This period of transition, coupled with the current financial market has been challenging for many of us.

As Bernice Johnson Reagon says, "Life's challenges are not supposed to paralyze you; they're supposed to help you discover who you are." Whatever the reasons for transition, the following tips can help you navigate the transition smoothly and learn about yourself in the process.
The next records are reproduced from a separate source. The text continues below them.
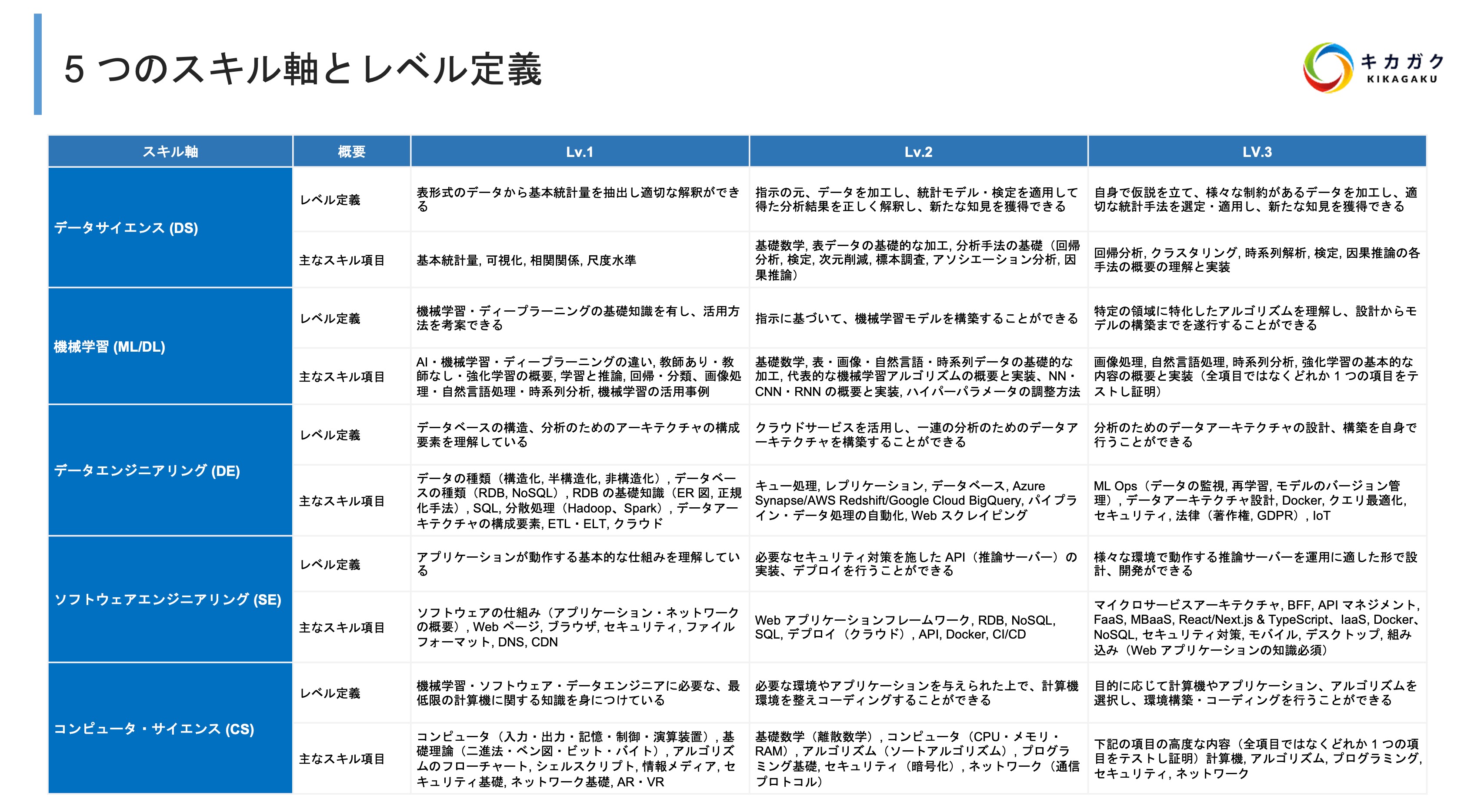 下図: データサイエンティストのスキル可視化の 5 つのスキル軸と 3 段階のレベル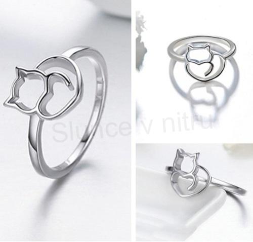 - Postříbřený prsten s motivem roztomilé kočky, velikost 59 (BP183)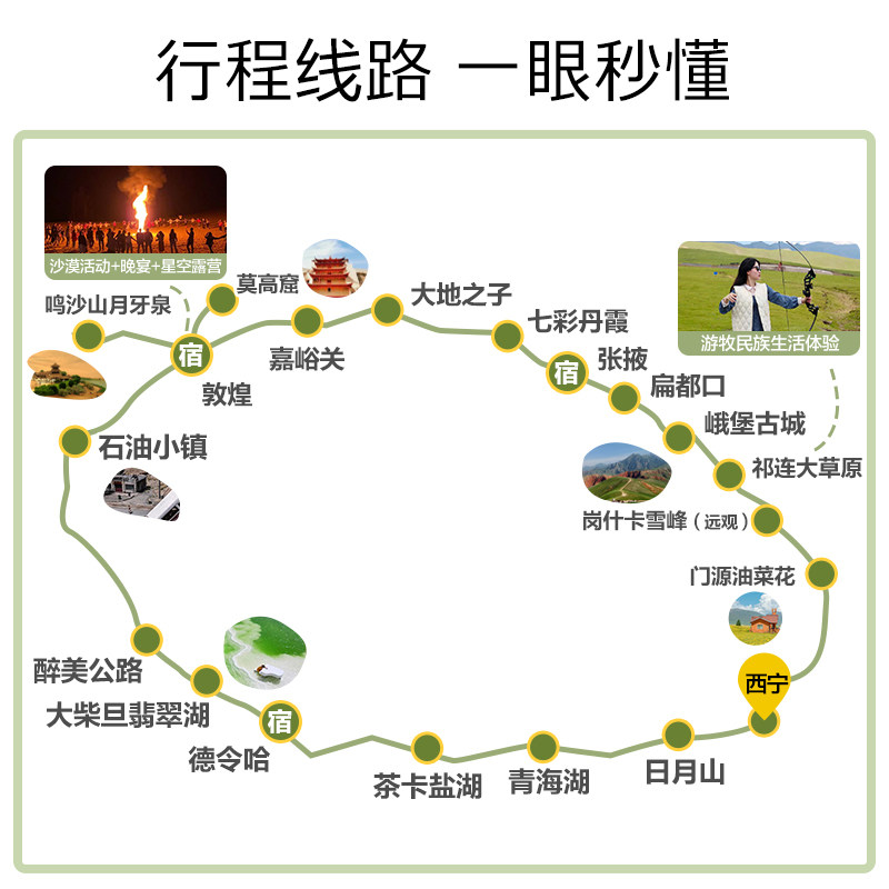 行程以西宁为起点,串联酒泉、张掖、嘉峪关、海北、海西等青甘大环线精华城市,路线设计贴合差旅节奏。无论是从西宁中转前往甘肃,还是结束公务后就近开启旅程,交通衔接顺畅,节省中转时间,让您的差旅与度假无缝融合。
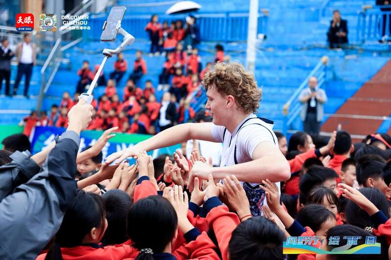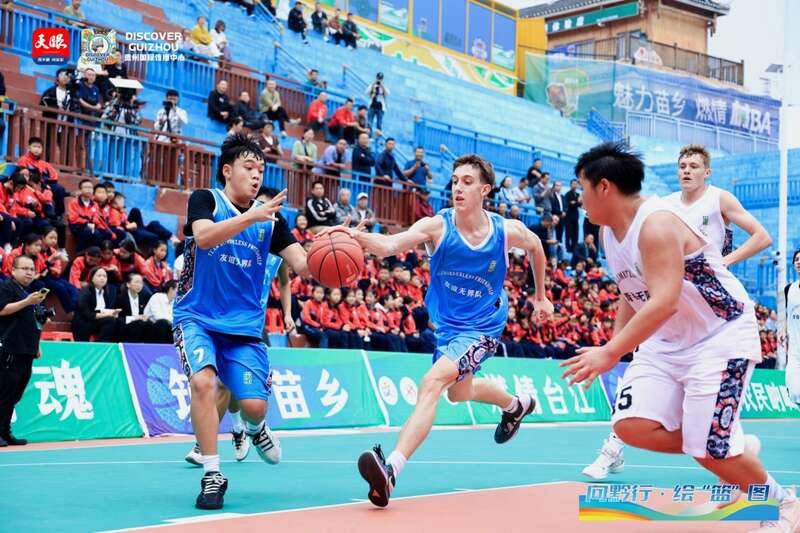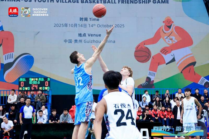 10月14日,贵州台江“村BA”球场迎来一场特别的比赛——中美青少年“村BA”友谊赛在此上演。来自美国犹他预科学院(Utah Prep Academy)的男子篮球队与贵州“村BA”青年篮球爱好者混合组队,以篮球之名,跨越语言与文化的阻隔,展开一场关于热爱、尊重与友谊的篮球对话。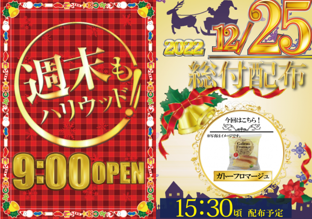 12/21(水)! 全館9時オープン!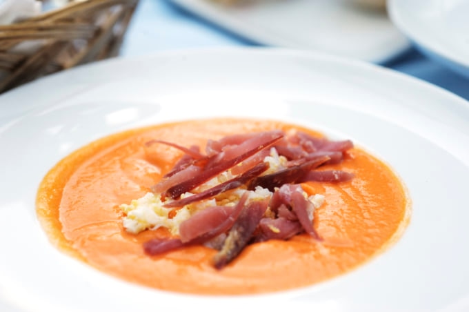 Semelhante ao gaspacho mais famoso, o salmorejo é uma sopa gelada, mais espessa e com sabor mais cremoso que seu primo culinário. O prato é extremamente simples: tomates frescos são misturados com alho, pão, azeite de alta qualidade e vinagre. Há algo tão reconfortante no salmorejo, especialmente num dia quente de verão, que nos faz preferi-lo ao gaspacho. Muitas vezes, os restaurantes completam o prato com jamón serrano ou queijo esfarelado para dar aquele fator de conforto extra.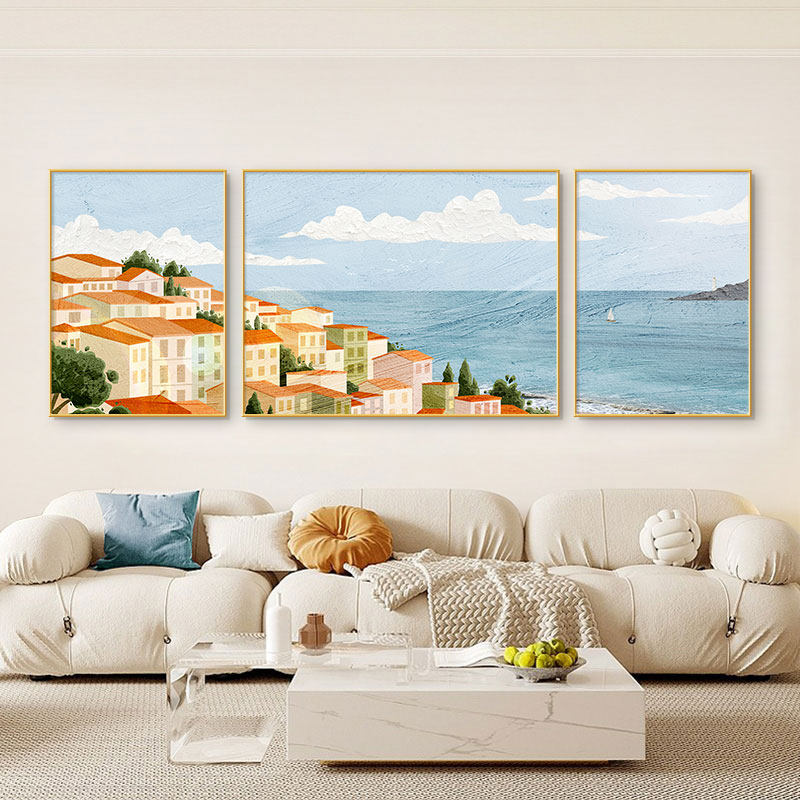 海景客厅装饰画现代简约壁画沙发背景简欧挂画风景墙面大气三联画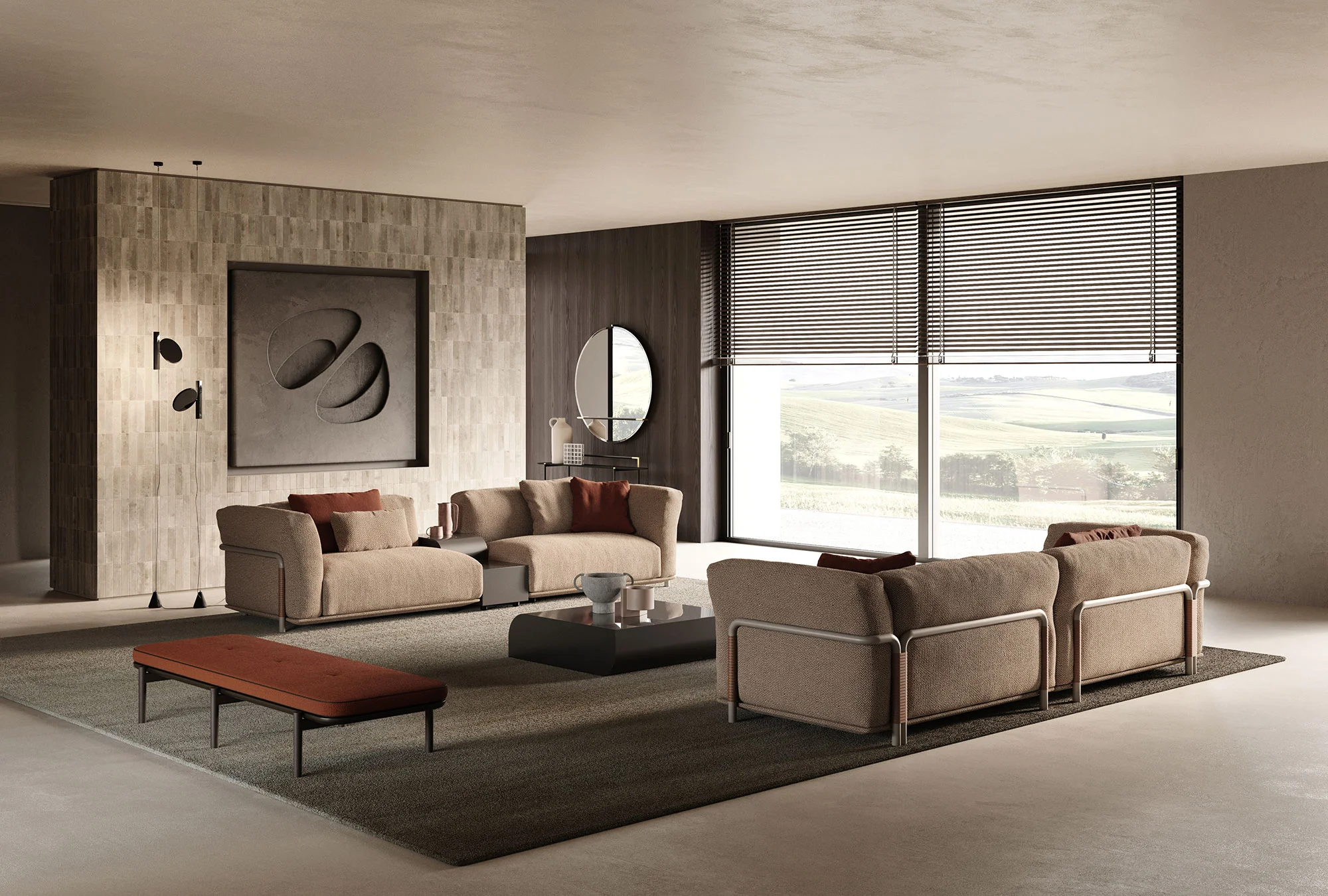 Struttura esterna: in metallo color Nero Sablé, color Sabbia Sablé, color Greige Sablé; su richiesta color Brunito, color Burgundy Sablé e color Titanio.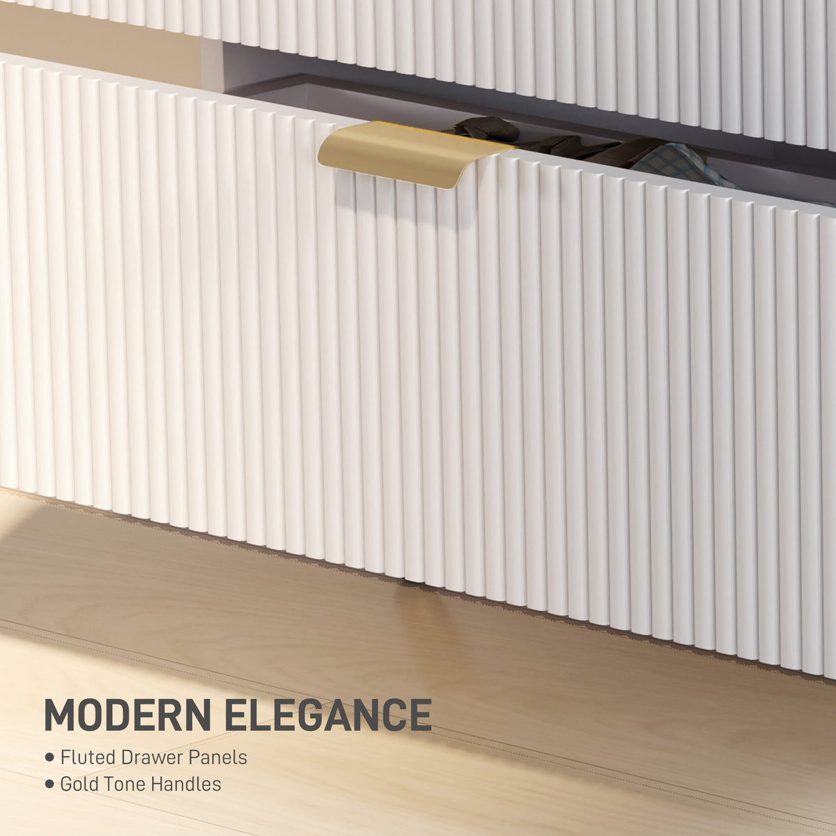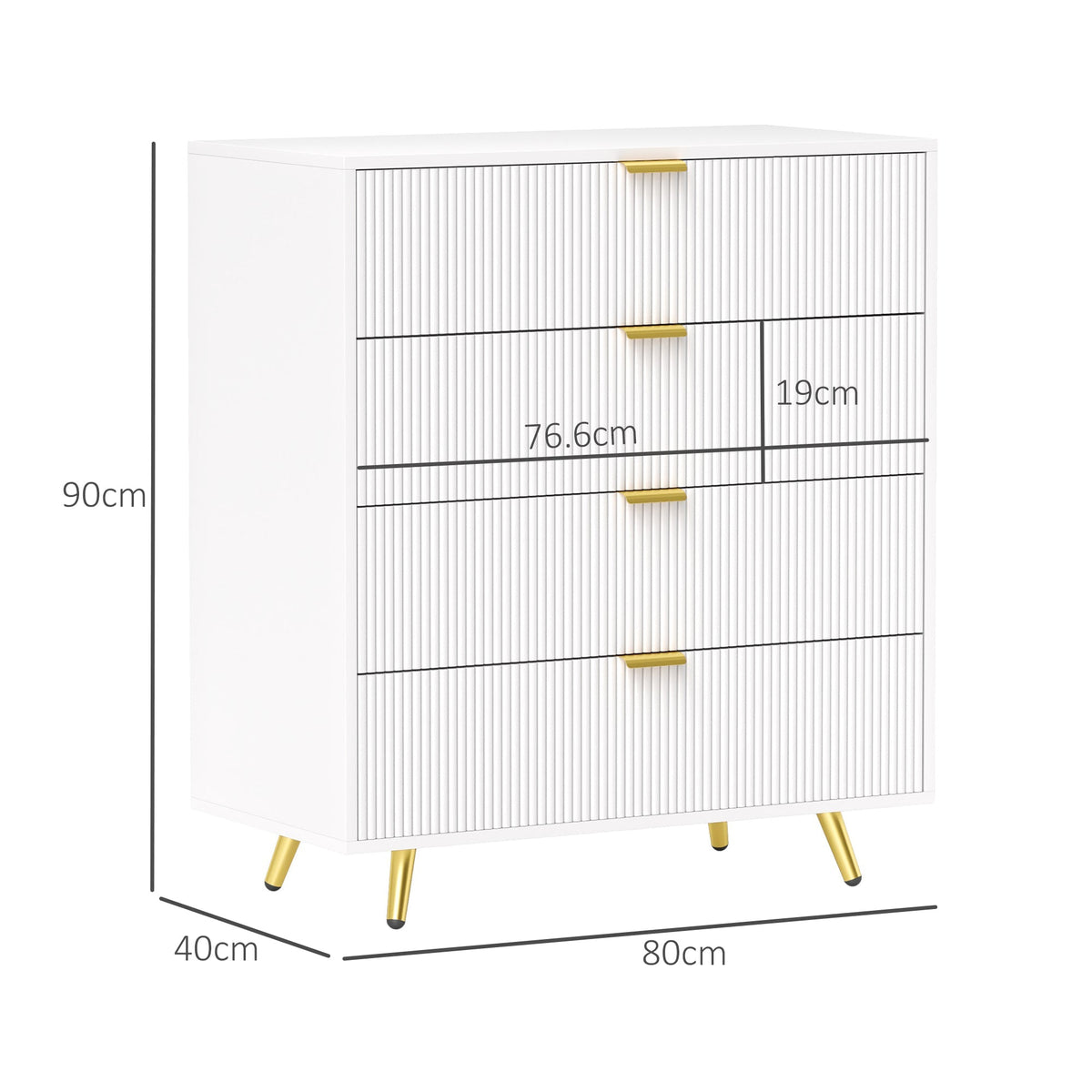 HOMCOM Elegant Four-Drawer Bedside Table - White - White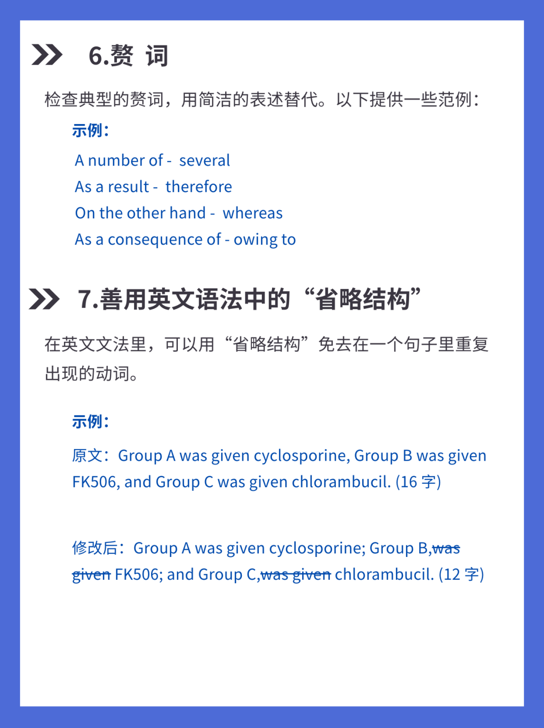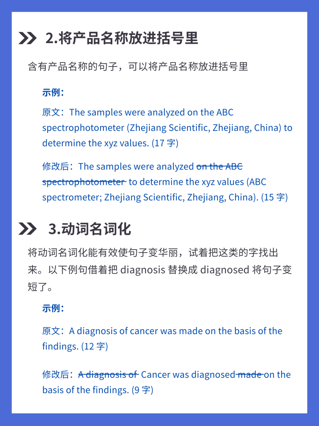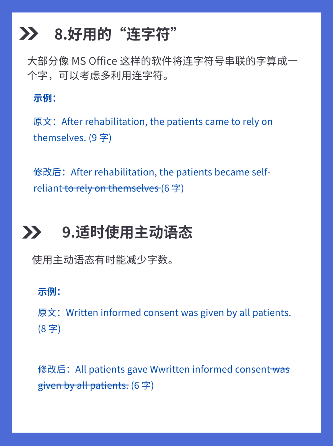 以上几个方法能在不改变原文的情况下,通过英文修改,大幅缩减文章长度,不过减少字数总归不是件简单的事,需要来回读过几遍才能把精简的部分找出来!

  • Stay in the present moment as much as possible—Thinking about what could have been or trying to plan for what might happen in the future can drain you physically and emotionally. A good question to ask yourself is, "What do I need right now?" At first, you may come up with answers about next week, next month, or even tomorrow. It is helpful to focus on the present moment. You don't need to know all the steps along the journey. Just take the next best step.
  • Stay physically active and get grounded in your body—Nothing beats exercise for helping keep everything in perspective. Try a yoga class; go for a long walk; or take a bicycle ride. Physical activity helps us to feel alive and spurs creativity. Plus, by being physically engaged, you can clear some of the mental chatter of worry.
  • Choose to look for and focus on the positive—My mentor once told me, "Fear is a gross misuse of imagination." I try to remember this about fear when I'm faced with anxiety, imaging what could happen. When we contemplate the unknown, we are sometimes caught up in the fact that "anything can happen." Why not turn that idea around for your benefit? Yes, anything can happen, that includes things that are beyond comprehension, which are positive, things beyond your wildest dreams.
  • Set positive intentions—Think about what it will feel like when you are on the other side of this transition. Use all of your senses to feed into this picture of your life: smell, touch, sound, taste. What will it feel like in your body? Imagine being healthy and vibrant. Picture with great detail what your new job will be like or how it will feel to hold a new-born baby in your arms.
  • Let go of expectations—Be open to the outcome and appreciate the learning and growth the transition offers.
  • Trust that you are resilient and have the strength and resources you need—Have you ever heard we are never given more than we can handle? There is a Chinese proverb I've always admired, "You can only go halfway into the darkest forest; then you are coming out the other side." Trust that things will get better.
  • Understand that life has a rhythm of its own—As individuals, we are constantly evolving, becoming. Our transitions move us forward in life. According to Harrison Owen, four spiritual laws govern all of life: whoever comes are the right people; whatever happened is the only thing that could have happened; whenever it starts is the right time; and when it's over, it's over.
  • Breathe—In Loving What Is, Byron Katie talks about how breath is one of the most powerful mechanisms for healing. We can bring intentionality to our breath and let it soothe our minds and bodies. Even if you are not conscious of it, your breath flows naturally. Katie says it's not about our "doing the breathing," but instead about letting go. In that letting go, "we are breathed." Just as our breath works as it should, she suggests our lives do as well.
  • Reach out to family and friends—Making connection with those we care about and scheduling time for fun can help during challenging times. People who are witness to your life can help you stay grounded and optimistic.
  • Seek help—I love working with clients in transition, because my job is to mirror back to them their own brilliance and resources. Change can be scary; it helps to have someone to walk with through the waters of transition.
  • Look for resources that can inspire and uplift you—One of my favorites is Transitions: Prayers and Declarations for a Changing Life by Julia Cameron. It's filled with reflections and tidbits that can bring meaning when nothing seems to make much sense.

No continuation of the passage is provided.